Following Sebastian’s footsteps, I will use the Iris dataset.
The following plots give us a crude picture of how data-points under each of the three flower categories are distributed:
The inference we can make from the above plots is that petal lengths and petal widths could probably be potential features that could help us discriminate between the three flower species. Data-sets in the business world would usually be high-dimensional and such a simple glance at histograms might now serve our purpose.

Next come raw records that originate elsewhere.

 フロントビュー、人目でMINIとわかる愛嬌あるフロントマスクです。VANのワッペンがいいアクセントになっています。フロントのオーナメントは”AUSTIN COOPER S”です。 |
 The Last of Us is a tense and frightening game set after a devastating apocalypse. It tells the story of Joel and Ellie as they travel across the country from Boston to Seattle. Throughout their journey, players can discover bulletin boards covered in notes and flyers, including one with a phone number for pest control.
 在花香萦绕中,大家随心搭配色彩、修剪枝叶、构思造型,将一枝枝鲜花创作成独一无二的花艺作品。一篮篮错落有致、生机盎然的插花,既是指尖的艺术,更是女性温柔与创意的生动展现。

Here’s the R code for doing the above plot:
data(iris)
library(ggplot2)
plot1 <- ggplot(iris, aes(x=Sepal.Length))
plot1<- plot1 + geom_histogram(aes(fill = Species))
plot2 <- ggplot(iris, aes(x=Sepal.Width))

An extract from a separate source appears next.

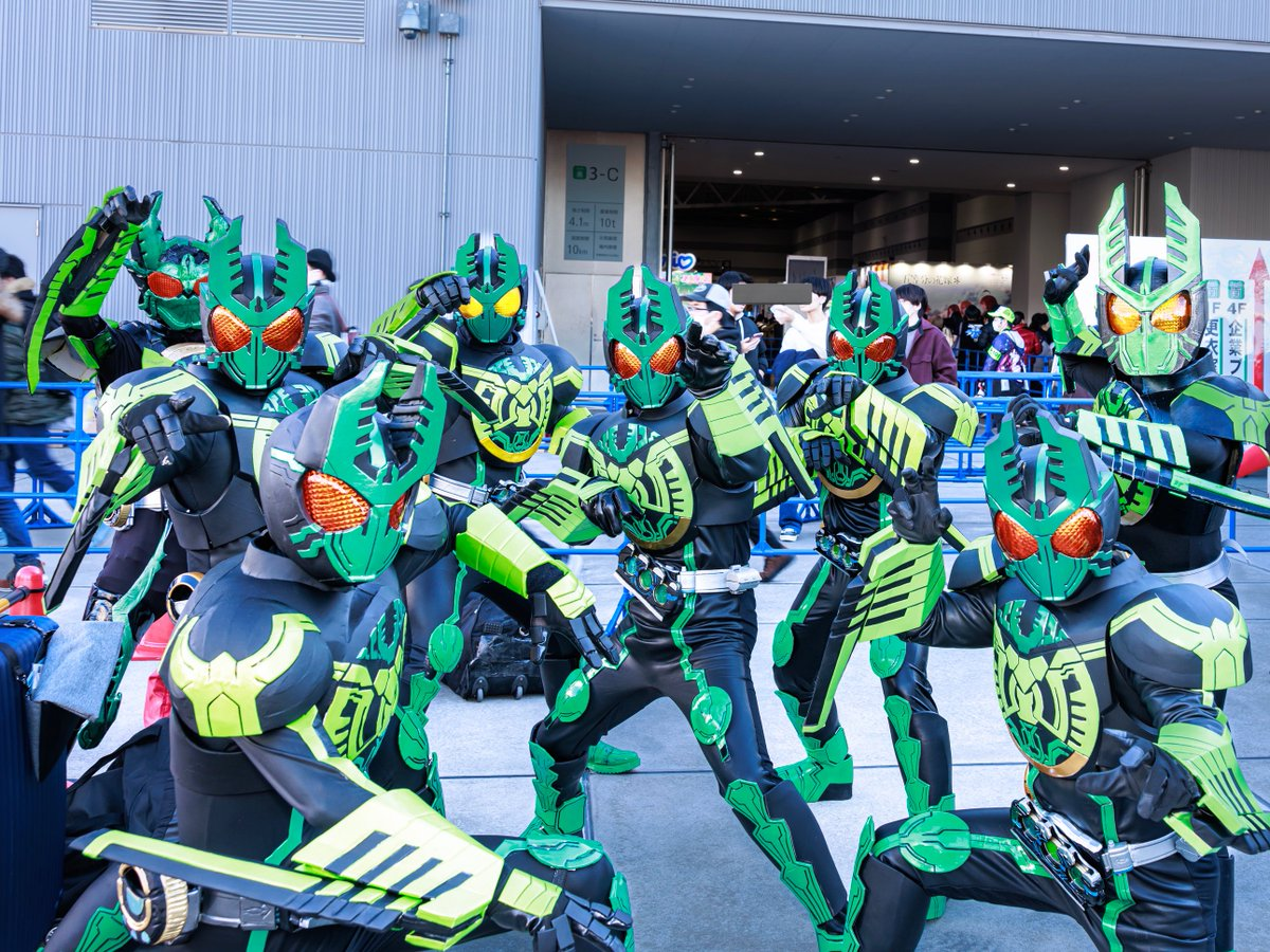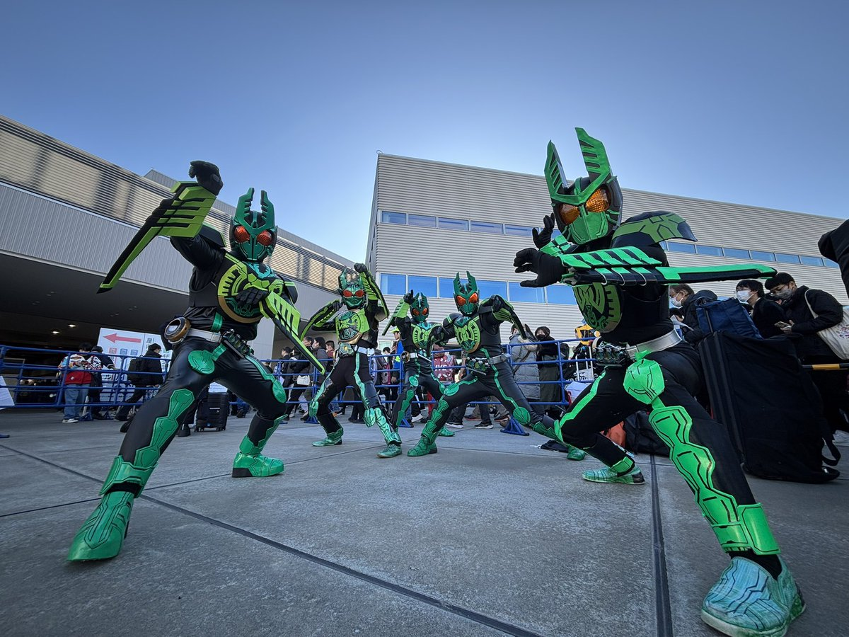 且本次 C105,真的有不少 Coser 扮成假面騎士OOO 鍬螳蝗參戰,當然鍬螳蝗要出沒就是要陳群結隊,這效果真的無比強大阿 ! 他們也對松田悟志的親民大為讚賞,完全沒有藝人的架子,跟大家親切問候,還鼓勵並讚美他們的 Cosplay。

plot2<- plot2 + geom_histogram(aes(fill = Species))
plot3 <- ggplot(iris, aes(x=Petal.Length))
plot3<- plot3 + geom_histogram(aes(fill = Species))
plot4 <- ggplot(iris, aes(x=Petal.Width))
plot4<- plot4 + geom_histogram(aes(fill = Species))
theme_set(theme_gray(base_size = 18))
library(gridExtra)
png("iris.png",width = 1400, height = 460, units = "px")
m<-grid.arrange(plot1,plot2, plot3,plot4, ncol=2)
print(m)
dev.off()
To standardize the data we will use Min-Max scaling which I covered in a previous blog-post. Nonetheless, here’s the R code:
iris$Num_Species<-factor(iris$Species,labels=c(1,2,3))
data<-iris
for(i in 1:nrow(iris)){
data$Sepal.Length[i]<-(data$Sepal.Length[i]-min(iris$Sepal.Length))/(max(iris$Sepal.Length)-min(iris$Sepal.Length))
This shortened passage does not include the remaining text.